Odcinają się od telefonów, komputerów, internetu, tabletów, gier online i konsol. Muszą wytrzymać trzy pełne doby. - To dla nich naprawdę poważne wyzwanie i zastanawiamy się, czy wytrzymają - mówi Maciej Dębski, szef fundacji "Dbam o mój z@sięg", która organizuje eksperyment.
Fundacja szukała ochotników przez internet. Udało się zabrać wymaganą grupę 60 osób - młodzież w wieku od 12 do 18 lat. Eksperyment potrwa tydzień, od 14 do 20 marca.
- Zasady są proste: każdy wybiera sobie w ciągu tego tygodnia trzy dni pod rząd, w których dobrowolnie odetnie się od sieci. W tym czasie będą prowadzić dziennik, aby opisywać swoje odczucia i to co robili. W każdej chwili, jeśli nie dadzą rady, mogą zrezygnować i wrócić do sieci. Jeśli jednak będą chcieli ponownie spróbować i zmieszczą się w wyznaczonym czasie, to mogą podjąć próbę jeszcze raz. Muszą jednak wtedy zapisać, dlaczego zdecydowali się na przerwę - wyjaśnia.
W trakcie eksperymentu organizatorzy nie mają kontaktu z uczestnikami i nadzoru nad nimi. - To już zależy od nich. My ufamy, że będą rzetelnie wypełniać dziennik - dodaje Dębski.
W trakcie eksperymentu organizatorzy nie mają kontaktu z uczestnikami i nadzoru nad nimi. - To już zależy od nich. My ufamy, że będą rzetelnie wypełniać dziennik - dodaje Dębski.
Uczniowie będą musieli wykonać też 3 zadania: umówić się z kimś na kawę czy herbatę bez użycia telefonu i internetu; porozmawiać z rodzicami lub dziadkami o tym, jak to było w czasach, kiedy nie było telefonów i internetu, jak komunikowali się ludzie oraz umówić się z kolegami z klasy i w szkole wykonać plakat na temat eksperymentu.

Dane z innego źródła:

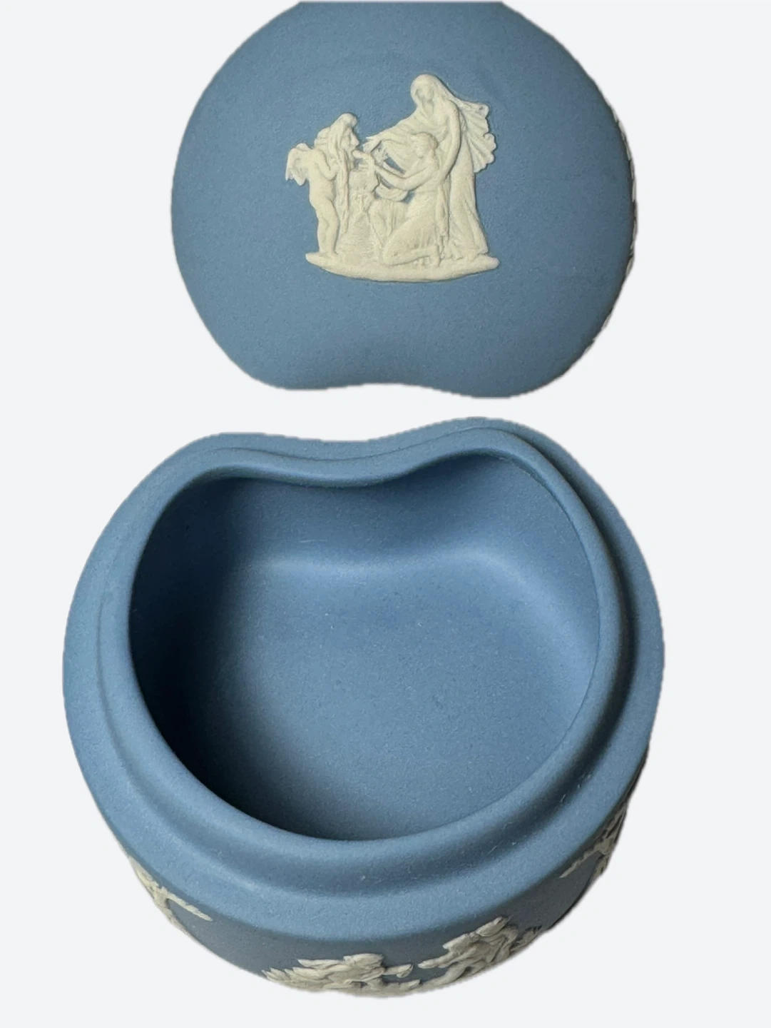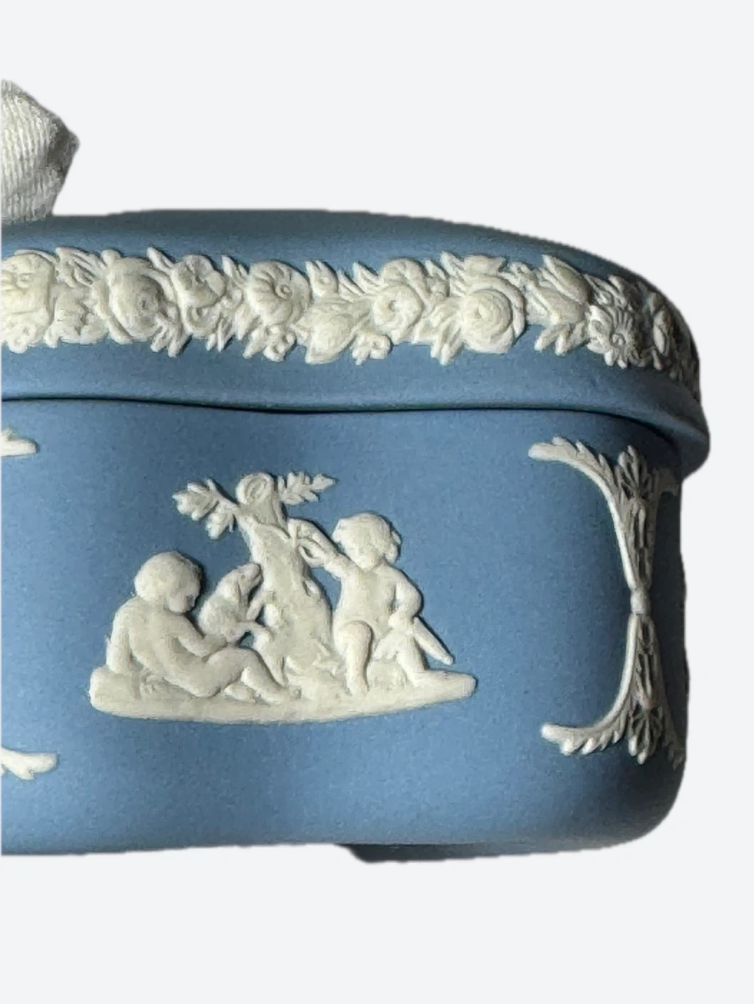 Beautiful blue Jasperware trinket box adorned with white cherub and floral reliefs.

Telefon ucieczką od codzienności
Uczniów w trakcie próby mogą wspierać rodzice. - Chciałbym, żeby moja córka się przekonała, jak to jest żyć bez telefonu i internetu – mówiła jedna z matek.
- Telefon i internet to fajne źródło informacji, jak ja byłam dzieckiem to tego nie było. Myślę jednak, że dzisiaj to spory problem, bo staje się ucieczką od codzienności – dodała inna.

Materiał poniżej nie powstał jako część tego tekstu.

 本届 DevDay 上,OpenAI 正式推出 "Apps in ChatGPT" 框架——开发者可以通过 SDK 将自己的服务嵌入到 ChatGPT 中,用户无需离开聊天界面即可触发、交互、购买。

Jednym z uczestników eksperymentu jest Patryk, który już zapowiada, że zamierza ten czas wykorzystać na czytanie książek i grę w planszówki. - Zawsze można użyć swojej wyobraźni, to też dobra nauka - przekonuje Patryk.

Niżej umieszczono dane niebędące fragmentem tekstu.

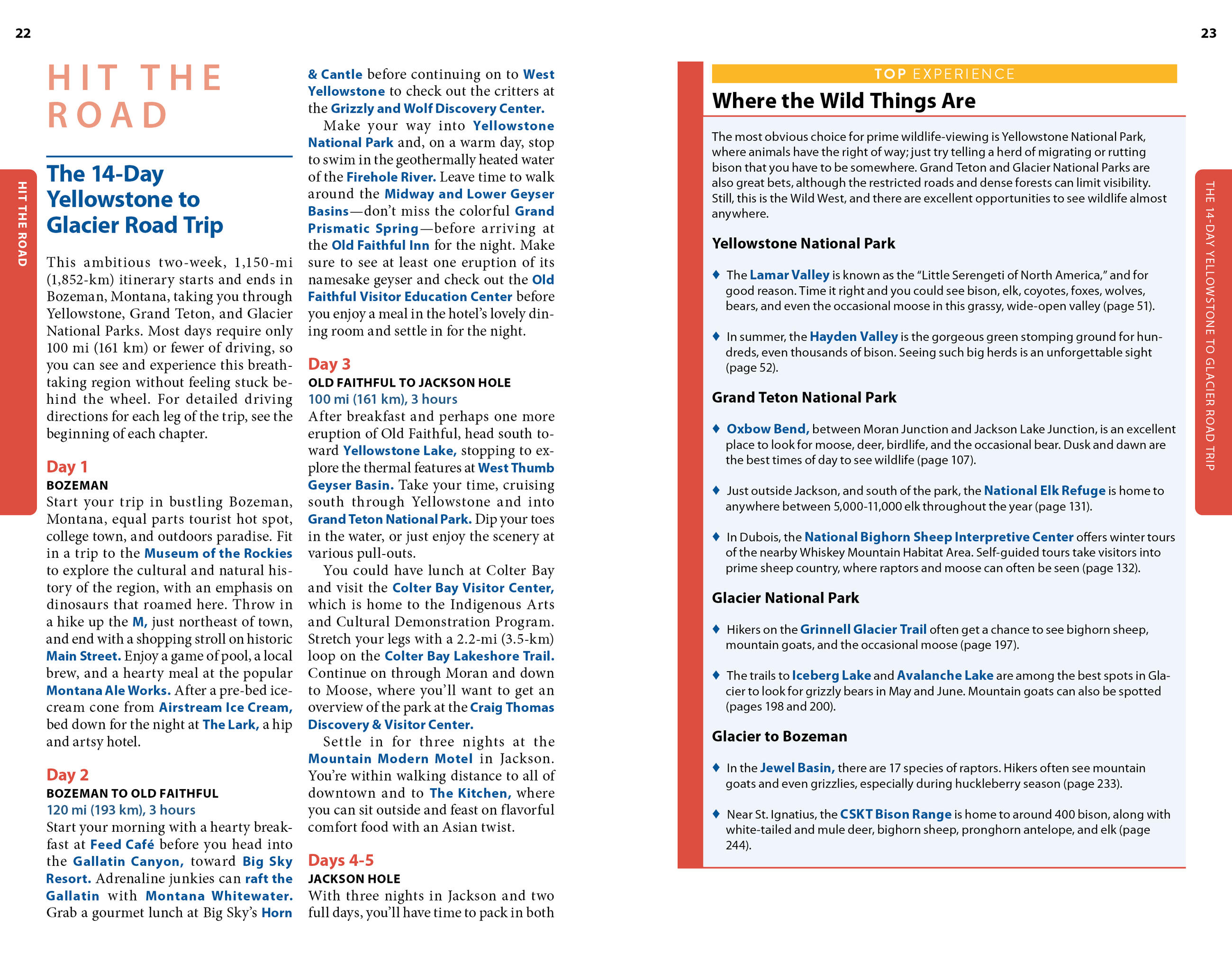 - Eat, sleep, stop and explore: With lists of the best hikes, views, places for wildlife-watching, and more, you can watch Old Faithful from Observation Point, drive the 50-mile Going-to-the-Sun Road, spot everything from bighorn sheep to bears on a wildlife tour of Yellowstone’s Lamar and Hayden valleys, and kick back with a craft beer in Bozeman

Jak mówi spotkania z kolegami z wirtualnych komunikatorów przeniesie teraz do prawdziwego życia.
- Wiele osób było pozytywnie nastawionych i chętnie podeszło do próby. Taki detoks da odpowiedź na pytanie czy są uzależnieni w jakimś stopniu od telefonu, czy internetu i jak sobie z tym radzić - podkreśla Maciej Dębski.